I have an AutoIT script It monitors 2 websites for content that applys to me and the services that I provide. One site is : www.Freelancer.com The other: www.PeoplePerHour.com Both sites publish new jobs on their site hourly or so. My AutoIT app, will view those sites and present new jobs to me in a grid that pops up on my screen.
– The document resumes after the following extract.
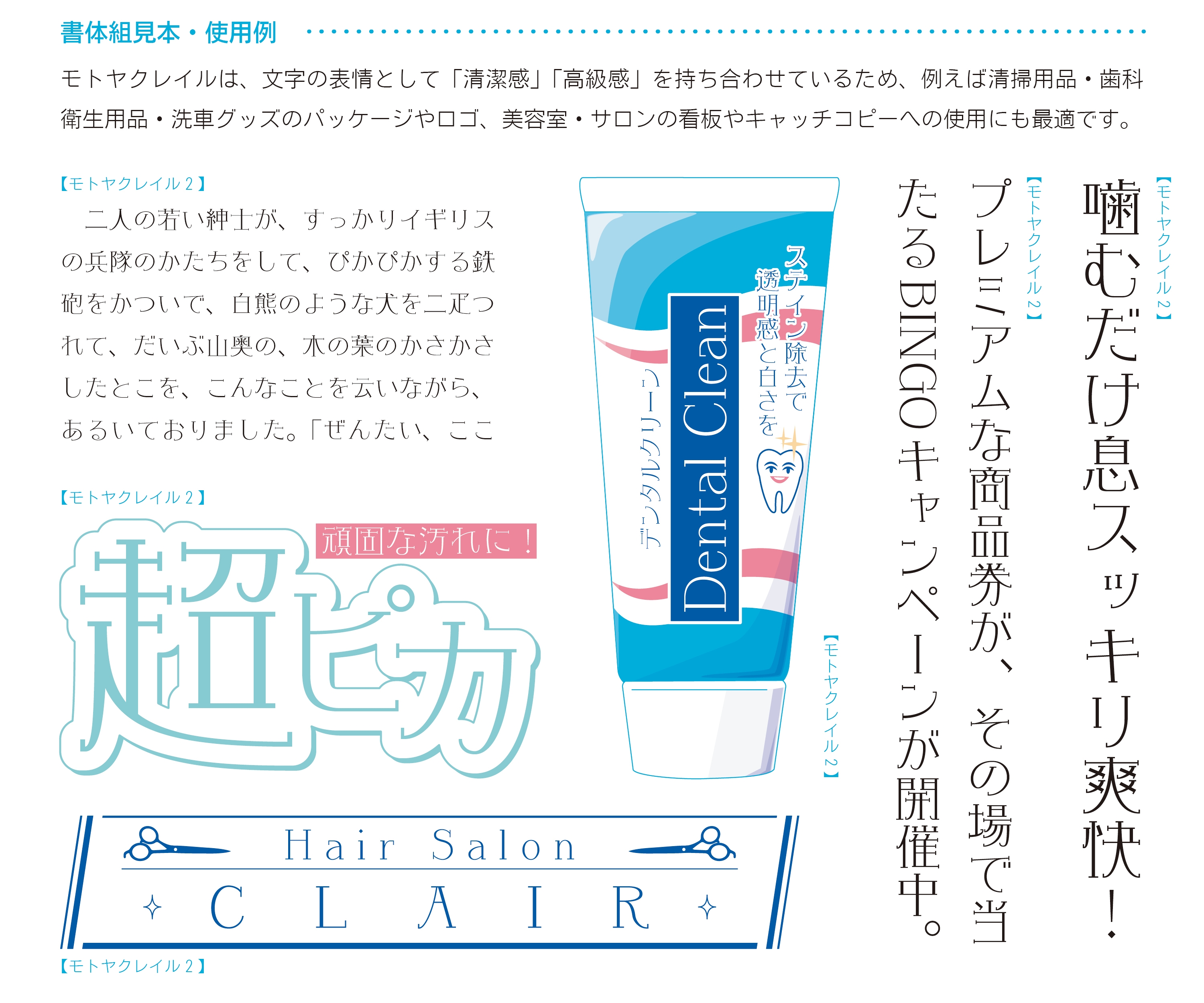 「モトヤクレイル」は、文字の表情として「清潔感」「高級感」を持ち合わせているため、例えば清掃用品・歯科衛生用品・洗車グッズのパッケージやロゴ、美容室・サロンの看板やキャッチコピーへの使用にも最適です。
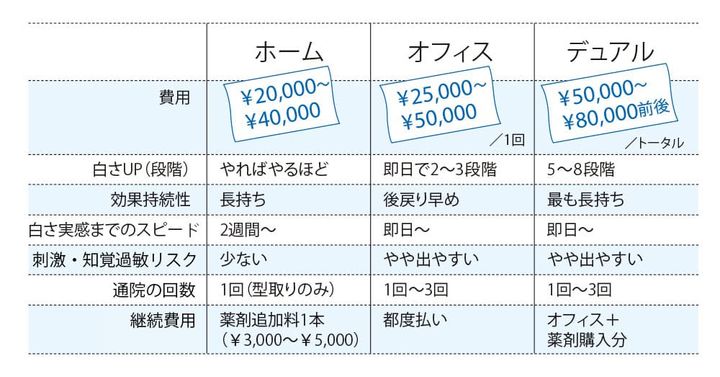 ◯ ¥20,000〜。色素を分解する基本の「医療ホワイトニング」は3種類

Lately, the app has stopped showing me any jobs from PeoplePerHour.

 

For freelancer.com,  Inetget is giving full html but for peopleperhour, now its not coming.

Func _CheckPPH()
    Local Static $hTimer = 0
    Local Static $hDownload = 0
    Local $aTitlesandUrls = 0
    Local Static $sTempFile = ""
    If $hTimer = 0 Then $hTimer = TimerInit()
    If $hDownload = 0 Then
        $sTempFile = _WinAPI_GetTempFileName(@TempDir)
        ConsoleWrite("Checking PPH..." & @CRLF)
        ConsoleWrite(">Downloading..." & @CRLF)
;~         $hDownload = InetGet("http://www.peopleperhour.com/freelance-jobs", $sTempFile, $INET_FORCERELOAD, $INET_DOWNLOADBACKGROUND)
        $hDownload = InetGet("http://www.peopleperhour.com/freelance-jobs", $sTempFile, $INET_FORCERELOAD)
;~         Return 0
    EndIf
;~     Sleep(30)
;~     Local $isCompleted = InetGetInfo($hDownload, $INET_DOWNLOADCOMPLETE)
;~     Local $isError = InetGetInfo($hDownload, $INET_DOWNLOADERROR)
;~     Sleep(30)
;~     If TimerDiff($hTimer) > 3000 And $isError Then
;~         ConsoleWrite("!PPH Fail" & @CRLF)
;~         InetClose($hDownload)
;~         $hDownload = 0
;~         Return 0
;~     EndIf
;~     Sleep(30)
    Local $Show = 0
;~     If TimerDiff($hTimer) > 3000 And $isCompleted Then
    If $hDownload > 0 Then
        ConsoleWrite("+Downloaded..." & @CRLF)
        Local $sPPHHtml = FileRead($sTempFile)
        $aTitlesandUrls = _StringBetween($sPPHHtml, '"title">' & @LF, 'time>')
;~         _ArrayDisplay($aTitlesandUrls)
        Local $aPPH[0][4]
        Local $sTitle = ""
        Local $sUrl = ""
        Local $sID = ""
        Local $sDate = ""
        Local $iRet=0
        Sleep(30)
        For $i = 0 To UBound($aTitlesandUrls) - 1
            $sTitle = _StringBetween($aTitlesandUrls[$i], '<a title="', '" class')
            $sUrl = _StringBetween($aTitlesandUrls[$i], 'href="', '">')
            $sDate = _GetDate($aTitlesandUrls[$i])
            If IsArray($sTitle) And IsArray($sUrl) Then
                $sID = _GetID($sUrl[0])
;~                 _ArrayAdd($aPPH, $sDate & "|" & $sTitle[0] & "|" & $sUrl[0] & "|" & $sID)
                $iRet = _BuildPopupsPPH($sID, $sDate, "PPH: " & $sTitle[0], $sUrl[0])
                If $iRet Then $Show+=1
            EndIf
        Next

        Sleep(30)
;~         If $Show > 0 Then ShowLatestJobs()
;~         _ArrayDisplay($aPPH)
        FileDelete($sTempFile)
        InetClose($hDownload)
        $hDownload = 0
        $hTimer = 0
        Return $Show
    EndIf
    Sleep(30)
EndFunc   ;==>_CheckPPH

Link to post
Share on other sites

Is this topic related to your previous topic?  If so, why did you start another topic?  Also, why didn't you answer my question in the previous topic?  Is it because you knew that harvesting data from the sites that you referred to above is prohibited by their terms of use which would also mean that helping you to do so here would be prohibited?

 

Edited by TheXman
Typo
Link to post
Share on other sites
9 minutes ago, Jahar said:

For previous one, you have asked me to go thru scripts given as examples.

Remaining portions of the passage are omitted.